Because it is an icebreaking ship, the Louis is designed to have a rounded hull. This feature enables it to ride up on ice floes in its path and crush down through them using gravity. All well and good when you’re breaking ice, but the flip side of the rounded hull is that it increases the rolling response of the boat to even small amounts of swell when in open water, as we have been the past three days. I can’t say for sure, but I think I woke up almost instantly when we first hit ice around 5 AM this morning. Not only did the motion of the ship change completely (going from the familiar mellow side-to-side roll, to a jerky stop and start, with lengthwise vertical motion thrown in, like a teeter totter) but also the sound was unmistakable, not to mention — particularly for those with cabins closer to the bow of the boat, like Sam Thomas — deafening.

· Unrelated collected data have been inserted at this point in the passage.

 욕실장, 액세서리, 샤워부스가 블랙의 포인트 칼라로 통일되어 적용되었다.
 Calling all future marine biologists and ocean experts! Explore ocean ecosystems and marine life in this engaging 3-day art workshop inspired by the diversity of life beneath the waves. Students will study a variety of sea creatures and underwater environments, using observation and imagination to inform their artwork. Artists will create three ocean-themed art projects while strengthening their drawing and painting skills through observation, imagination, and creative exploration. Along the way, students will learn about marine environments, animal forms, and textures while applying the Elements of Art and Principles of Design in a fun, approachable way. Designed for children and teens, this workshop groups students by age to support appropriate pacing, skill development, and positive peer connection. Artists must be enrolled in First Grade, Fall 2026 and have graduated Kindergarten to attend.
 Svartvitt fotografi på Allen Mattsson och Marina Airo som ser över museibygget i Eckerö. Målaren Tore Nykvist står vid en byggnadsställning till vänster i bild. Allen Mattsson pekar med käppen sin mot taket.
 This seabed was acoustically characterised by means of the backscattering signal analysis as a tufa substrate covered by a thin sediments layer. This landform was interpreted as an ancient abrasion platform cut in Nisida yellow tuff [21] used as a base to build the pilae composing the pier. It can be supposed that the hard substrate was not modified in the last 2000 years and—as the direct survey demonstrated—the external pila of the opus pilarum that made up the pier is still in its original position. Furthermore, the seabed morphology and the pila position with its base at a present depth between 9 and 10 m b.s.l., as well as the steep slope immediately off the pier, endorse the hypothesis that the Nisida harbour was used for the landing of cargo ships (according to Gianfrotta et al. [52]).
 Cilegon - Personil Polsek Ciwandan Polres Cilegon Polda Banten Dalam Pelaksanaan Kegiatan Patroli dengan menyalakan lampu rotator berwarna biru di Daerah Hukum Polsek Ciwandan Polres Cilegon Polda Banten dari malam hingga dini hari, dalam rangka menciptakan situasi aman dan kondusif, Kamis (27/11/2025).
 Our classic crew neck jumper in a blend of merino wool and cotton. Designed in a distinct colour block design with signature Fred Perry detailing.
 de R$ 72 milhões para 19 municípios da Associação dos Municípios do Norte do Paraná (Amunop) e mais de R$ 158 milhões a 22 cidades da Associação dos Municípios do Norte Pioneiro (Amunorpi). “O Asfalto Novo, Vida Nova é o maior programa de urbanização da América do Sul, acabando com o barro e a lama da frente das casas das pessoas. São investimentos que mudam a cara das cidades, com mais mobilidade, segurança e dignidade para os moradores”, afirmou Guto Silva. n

While reaching ice-bound seas may have severely disturbed Sam’s sleep, he was still ecstatic to see the change of scenery. Hailing from London, UK, where he’s a PhD candidate at University College London, Sam is here with Alek Petty of NOAA/University of Maryland to observe the ice. Sam and Alek have both studied Arctic sea ice using remotely sensed data, but this is their first time seeing the object of their research firsthand. In comparison with the advanced technology of the satellites they are familiar with, the technique for collecting data they’ll be using on board ship is downright primitive (but nonetheless effective). They’ve mounted a camera on the bridge (upper deck where the steerage is located) facing down along the side of the ship. As the Louis breaks through the ice, large chunks are crumpled and pushed alongside the boat such that a cross section of the floe frequently comes into view. The camera, constantly recording video footage, captures these cross sections. Sam and Alek have also mounted a stick with colored gradations (see photo) in the foreground of the camera’s view. By extracting still images from the recorded video, they are able to measure the thickness of the ice through which the Louis is passing by using the stick for scale against the cross sections of the churned-up ice chunks. Like I say, not exactly a satellite measuring ice thickness from outer space, but the technique has its benefits: it requires no specifically allotted ship time, since it is operating whenever the ship is in transit—so it’s cheap; and it’s a good way of validating satellite measurements, which are recognized to be imperfect.

Measurements made with the camera-stick apparatus will complement Sam and Alek’s main project on board—making hourly qualitative observations of ice conditions within a one-kilometer radius of the Louis. As ice floes spend more and more time floating about the ocean, they tend to crash into one another. Analogously to tectonic plates forming mountain ranges, compression ridges, sometimes many meters thick, will form as the ice floes raft together. Thus, ice floes that have formed within the past year have a visibly different surface topography than do older, multi-year floes. This characteristic allows rough estimates of ice age to be made on sight, which is exactly what Sam and Alek will be attempting to do in order to further our understanding of an important aspect of change in the Arctic ice pack.

Satellite technology capable of measuring ice extent (which can be thought of as total surface area of sea ice) has been around for a while. In the past five years, however, techniques have begun to be developed for calculating the volume of the ice pack from satellite measurements. Over that period of time, scientists have noticed a shift in the age distribution of sea ice. There is a greater proportion of ice that’s only been around for a single winter than there is of multi-year ice. It’s apparently becoming increasingly difficult for ice floes to ‘survive’ the Arctic summer. Many questions have been asked about the causes of this shift—one hypothesis involves changing circulation patterns in the Beaufort Sea, where we are now—and it is in pursuit of answers to those questions that Sam and Alek have joined this year’s cruise. Their observations will also contribute to improving accuracy of remote-sensing techniques for measuring ice volume, a goal considered hugely important among the polar research community.